Sharpen your preparation for coding interviews with these essential Data Structures and Algorithms concepts, reflecting the most frequently-asked topics and question patterns. Each question targets a must-know area to help you master key fundamentals for technical interviews.
Which approach is MOST typically used to solve 'find the longest substring without repeating characters' in a string?
Explanation: The sliding window technique efficiently tracks substrings without duplicates by expanding and narrowing the window as needed. Binary search is inappropriate as there is no sorted order requirement. Depth-first and breadth-first searches are mainly used for tree and graph traversals, not continuous substring patterns.

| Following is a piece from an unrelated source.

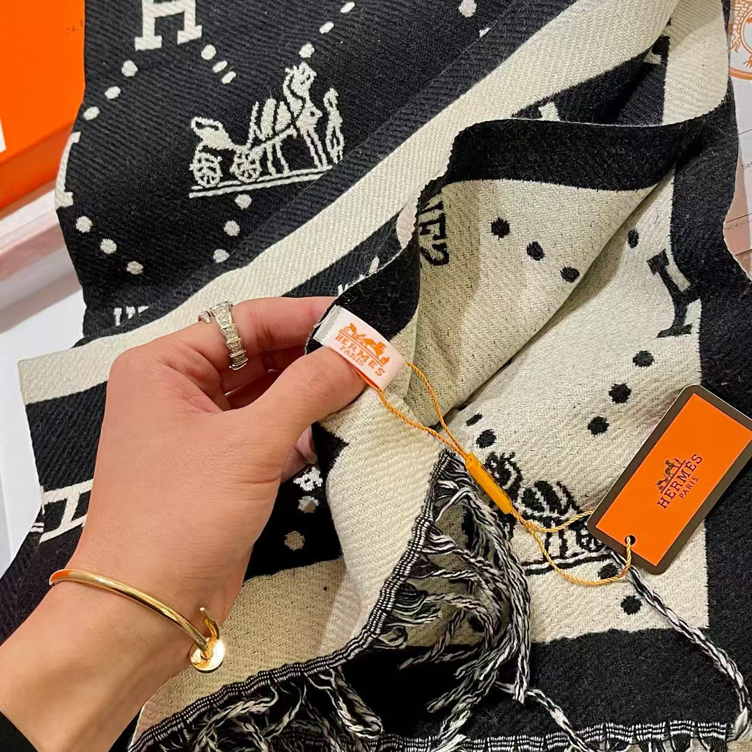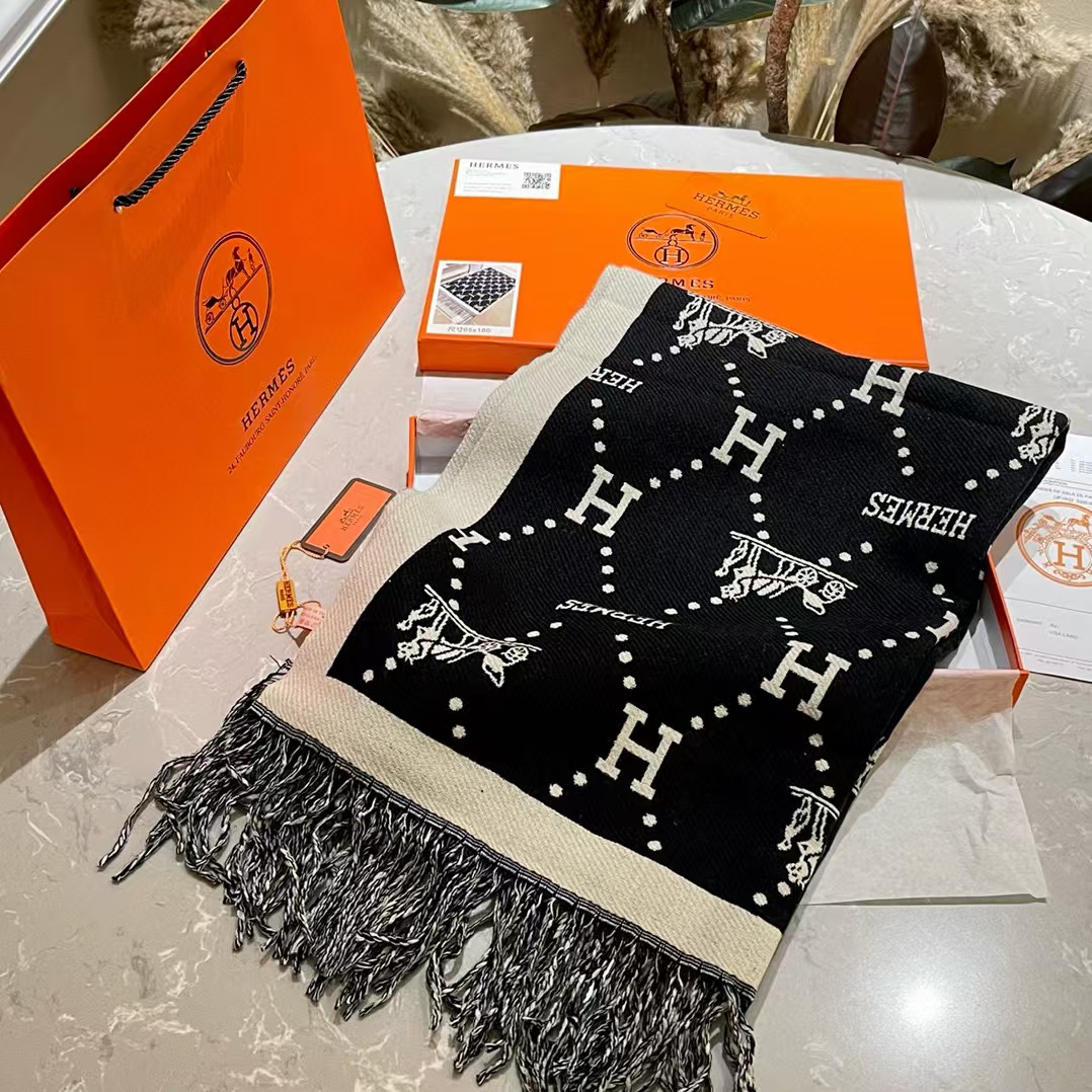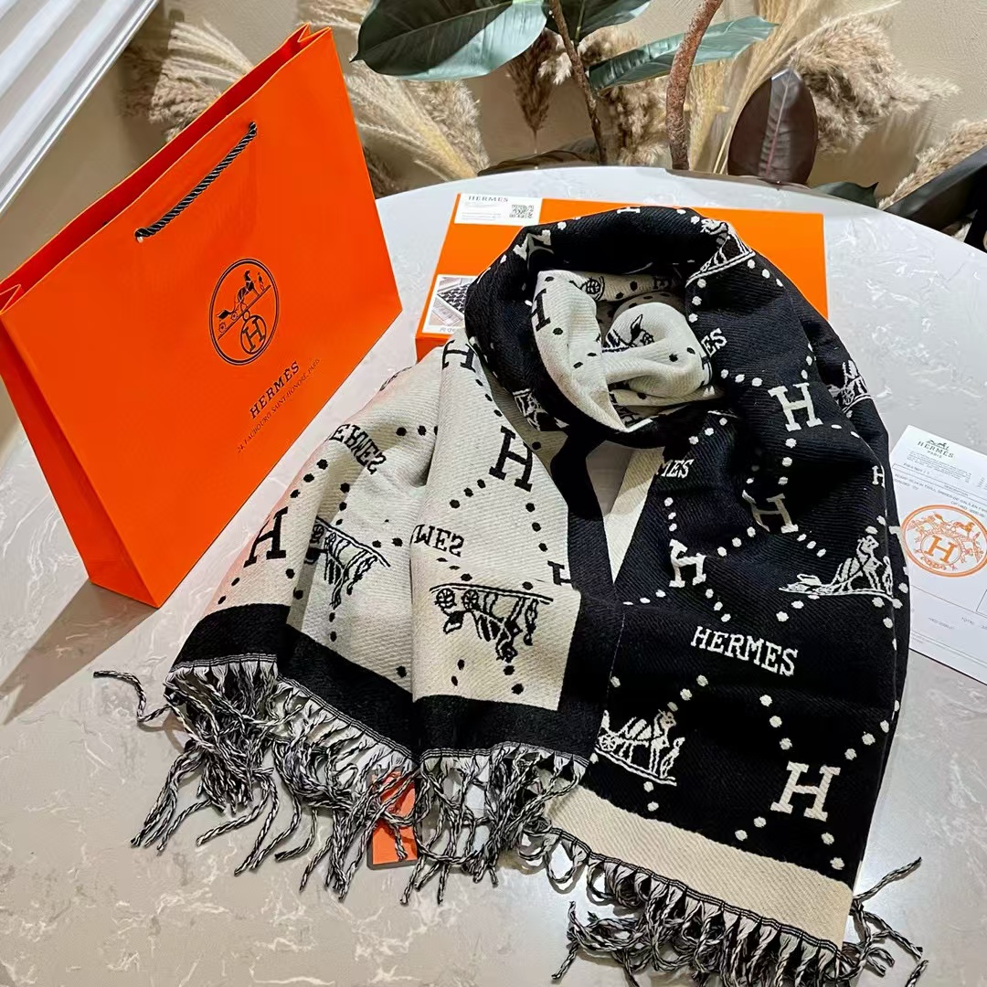 HEMRE5 クラシック フリンジ付きカシミヤ スカーフ【50%割引+送料無料】

What is a major benefit of using a hash map for counting occurrences of elements in an array?
Explanation: Hash maps allow for average constant-time access, making frequency counting fast. While they use extra memory, they do not guarantee sorted order and can store duplicate values as keys with counts—uniqueness isn't enforced unless using a set.
Which type of problem is often solved using the two-pointers technique?
Explanation: Two pointers efficiently merge sorted arrays by comparing elements from each simultaneously. Building a heap does not use this technique, tree traversals require recursive or stack approaches, and matrix multiplication follows nested loops.
Which real-world task BEST models a queue data structure?
Explanation: A queue models first-in-first-out (FIFO) systems like print job management. Evaluating expressions and checking parentheses use stacks (LIFO), and string reversal is also typically solved by a stack or in-place algorithm.
What is the output order of a level order traversal in a binary tree?
Explanation: Level order traversal (breadth-first) processes nodes layer by layer from top to bottom and left to right in each level. Root-left-right and left-right-root are preorder and postorder traversals, respectively. Bottom to top is not a standard traversal order.